|
Hmm. That seems like a bug in the condor_restart tool. It doesn't know about the JOB_ROUTER apparently.
-tj
From: Stefano Belforte <stefano.belforte@xxxxxxx>
Sent: Monday, March 23, 2026 5:41 AM
To: John M Knoeller <johnkn@xxxxxxxxxxx>; HTCondor-Users Mail List <htcondor-users@xxxxxxxxxxx>
Cc: stefano.belforte@xxxxxxx <stefano.belforte@xxxxxxx>
Subject: Re: [HTCondor-users] how to restart JobRouter ?
HI John, about this
On 20/03/2026 21:50, John M Knoeller wrote:
I would be curious to know what was in the MasterLog after you ran "condor_restart -daemon JOB_ROUTER", although it would be more helpful if you first added
MASTER_DEBUG = $(MASTER_DEBUG) D_CAT D_COMMAND:1
it is as simple as: nothing is logged by master. It looks like the command
fails early and makes no attempt to talk to anybody:
[root@vocms0137 condor]# condor_restart -daemon JOB_ROUTER
Can't find address for local JOB_ROUTER
Perhaps you need to query another pool.
[root@vocms0137 condor]
While condor_off JOB_ROUTER (which works) produced
03/23/26 10:37:42 (D_COMMAND) Calling Handler <SharedPortEndpoint::HandleListenerAccept> (0)

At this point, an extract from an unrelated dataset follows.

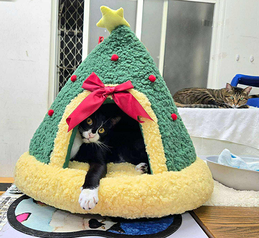 聖誕貓樹洞睡窩隱蔽、保暖、不易扁塌,貓咪最愛。

03/23/26 10:37:42 (D_COMMAND) Return from Handler <SharedPortEndpoint::HandleListenerAccept> 0.000080s
03/23/26 10:37:42 (D_COMMAND) Calling Handler <DaemonCommandProtocol::WaitForSocketData> (1)
03/23/26 10:37:42 (D_COMMAND) Return from Handler <DaemonCommandProtocol::WaitForSocketData> 0.000458s
03/23/26 10:37:42 (D_COMMAND) Calling Handler <DaemonCommandProtocol::WaitForSocketData> (1)
03/23/26 10:37:42 (D_COMMAND) Return from Handler <DaemonCommandProtocol::WaitForSocketData> 0.005092s
03/23/26 10:37:42 (D_COMMAND) Calling Handler <DaemonCommandProtocol::WaitForSocketData> (1)
03/23/26 10:37:42 (D_COMMAND) Return from Handler <DaemonCommandProtocol::WaitForSocketData> 0.000568s
03/23/26 10:37:42 (D_COMMAND) Calling Handler <DaemonCommandProtocol::WaitForSocketData> (1)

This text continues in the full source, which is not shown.